In described mechanism, support that the useful especially point of this point is the action of avoiding too early-for cluster and the server of Yan Weixin is only just done anything after they have received about the insufficient information of whole system, to make suitable decision.Load balancing contributes to allow new server to make load move to them, because when having added new server (before they support any file system), overall situation average load level reduces, and the decision that some in load is moved to new server can independently be realized.
Embodiments of the invention as described above solve redundancy issue in the following manner:
The change of application state is copied to asynchronously to other server of the configurable number in system.In the configurable number of seconds of change that detects application data, take the time point snapshot of the data of each application, and the difference between these snapshots is replicated between server.This allows the system that is applied in to detect in the situation of fault of assembly, server, the network equipment or even whole data center automatically to recover from data copy very recently.Due to the dependence not existing shared storage, therefore without quota, fence or STONITH, arrange.

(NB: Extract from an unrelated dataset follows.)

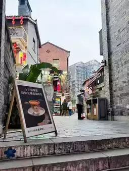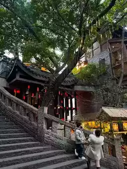Shibati, which translates to "Eighteen Steps," is a pedestrian street in Chongqing's Old Town. This area is lined with ancient stone steps and traditional Chinese architecture. Along both sides, you'll find restaurants, souvenir shops, handmade goods, and milk tea shops. There are five zones: A, B, C, D, and E. The area is quite large, and the atmosphere feels like stepping back in time. In the evenings, they perform live music for strollers. We loved it, especially at night, when it's beautiful and a perfect place to stroll. This area is bustling with activity.

Embodiments of the invention as described above solve load balance problem in the following manner:
By the caused load of application, by systematic survey and use, in distributed decision making process, with initiation, be applied in the seamless real-time migration between server continuously.For example,, if the positive hosts applications { 1,2 of server A, positive hosts applications { 4,5, the 6} of 3} and server B, and application 1 and 2 the two all experience the spike in load, and all the other are silent (quiescent), system can elect real-time migration 2 to arrive server B for configuration A → { 1, the 3} of balance, B → { 2,4,5,6}.
In embodiment as described above, " seamless " real-time migration is a kind of migration wherein all completing before final snapshot is taken and copy to new main equipment by all modifications aloft request of application being occurred in the file system of the application on old main equipment, make when file system is installed on new main equipment, never application code or client can be differentiated real-time migration has occurred, and there is no loss of data.